I've got a reasonably complex SQL query I'm looking to build.
I have 2 related tables (for this question)... companies and tags_data.
tags_data stores the information about which companies are tagged with which tags.
The companies table is related to tags_data by a company_id field. Tags_data has 3 fields in total: tagdata_id (the auto-enter primary key), company_id and tag_id.
I'm looking to get a list of all companies which have the same 3 tags. But I also want the ability to use it for a variable number of tags, so to list companies that have the same 2 tags or the same 10 tags. That's why I have initially set it up using INNER JOIN to compute the company_ids that have the required tags, then return those companies from the companies table.
Here's what I've got so far to list companies that have all 3 of the following tag ids... 713, 718, 724
Code: Select all
SELECT `companies`.`company_id`, `companies`.`company_name`
FROM `companies`
INNER JOIN (
SELECT `company_id`, COUNT(`tagdata_id`) FROM `tags_data` WHERE `tag_id` IN(713, 718, 724) GROUP BY `company_id` HAVING COUNT(`tagdata_id`)=3
) AS `require_tags` ON `companies`.`company_id`=`require_tags`.`company_id`
GROUP BY `companies`.`company_id`
ORDER BY `companies`.`company_name`Performance of this is adequate, taking about 0.1 seconds to look through 150k tags_data records and 40k companies records to return 99 companies matching the query. The tables have indexes on company_id and tag_id fields.

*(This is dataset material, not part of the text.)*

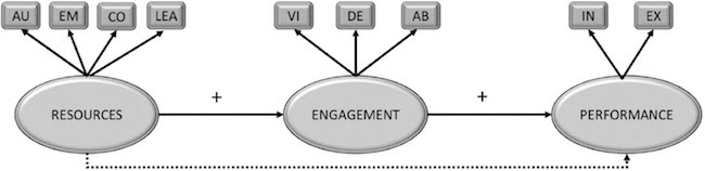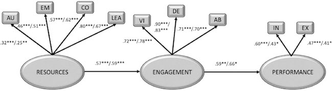 Table 2 shows the results of the SEM models of the relationships between job resources, work engagement, and performance. The model has one exogenous variable (resources) and two endogenous variables (engagement, with its dimensions of vigor, dedication, and absorption, and performance). All the scales were treated as latent variables. Job resources had four indicators, engagement had three, and performance had two.

The great thing about the INNER JOIN on a derived table is that I can easily change it to list companies that don't have any of those tags, or companies that have more than x and less than y number of multiple tags by just modifying the HAVING clause. I'm planning to make a query builder so users can build these complex queries for themselves.
Performance dives when I add a WHERE clause to the parent query (eg: outside the INNER JOIN) to do an even more complex search but I guess the answer to that is to move the WHERE clause inside the INNER JOIN.
Is there a method that would be faster but still give me the same flexibility as using an INNER JOIN in this way?
Or should the INNER JOIN theoretically be the fastest method and any further speed improvements would come from improved indexes and hardware?
Cheers, B